One person with a grudge can ruin a person’s life with an accusation, true or not. Was Al Franken (former senator, Minnesota, forced to resign) on the same level of evil as Harvey Weinstein?
Face it, when women accuse men these days, proof isn’t necessary.
@elbanditoroso Your original comment said “whatever the person suing you says it is” but the details from the OP @SQUEEKY2 specified that this is between two consenting adults, so then what is your definition? Everyone has very differing opinions on this thread.
@filmfann That is exactly my point. However that does not seem to be the consensus here. Let’s take your view point on your first answer as an example. You said “Any private or public display of affection resulting in a sexual thrill.”. Especially when I was dating my wife we would kiss in public. And it was exciting. You could call it a sexual thrill. I even got a thrill when I would catch sight of her. But I wouldn’t call these things sex acts. Your view seems to be if you feel any excitement when you touch someone you care about it is a sex act.
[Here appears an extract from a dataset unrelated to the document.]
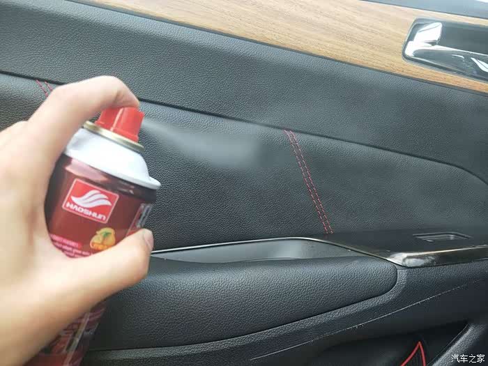 给扶手箱也喷喷,焕然一新

@zenvelo Foreplay can include things like kissing, cuddling, touching, or just talking
@Forever_Free Yes, and all those things are sex acts.
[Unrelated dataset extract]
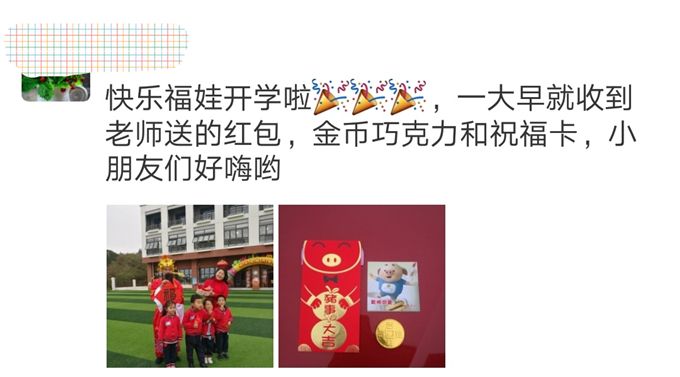 可爱的小猪贺卡和金币巧克力,带着老师们满满的祝福和暖暖的爱,传递在福娃们和家长们的心间。希望福娃们在新的学期里身体壮壮、本领棒棒!

A sex act does not mean that one or more people orgasm, just that they get a gratification. When I kiss my girlfriend goodbye while she is sleeping and I leave for work, that is not a sex act. But when I pull her in close while she is cooking and we exchange a french kiss, that is a sex act.
Yes, I know. Nobody is disputing this.
@zenvelo I view any act done for sexual gratification of at least one person is a sex act.
That’s dangerous territory you’re wandering into unless you qualify it by saying it’s consensual.
…and we exchange a french kiss, that is a sex act
omg seriously?!
I think people are getting hung up on trying to define what a “sex act” is when it seems to me, at least, that the question is really about what physical behavior between two consenting people is appropriate or inappropriate to be done in public.
@janbb I believe there are things that are sex acts and there are Public Displays of Affection. PDAs often make others uncomfortable. Some, in my view, are tackier than others. But I don’t equate tacky to sex act and the question was specifically “what do you consider a sex act?”
^^^ Defined as GOP logic.^^^
Maybe grope logic ! ! !
Not being a lawyer, I’ve not had a need to use or think much about the term “sex act”. No one’s ever used it practically around me, except in this discussion right here, or maybe if I was listening to a crime drama or actual trial I was listening to, which I forget.
It seems like an unused term to me, outside of legal conversations, or by extension, some political conversations.
So I don’t see any value in considering what someone might mean by it outside a legal conversation, except/unless someone actually does use it. Is it used in religious contexts?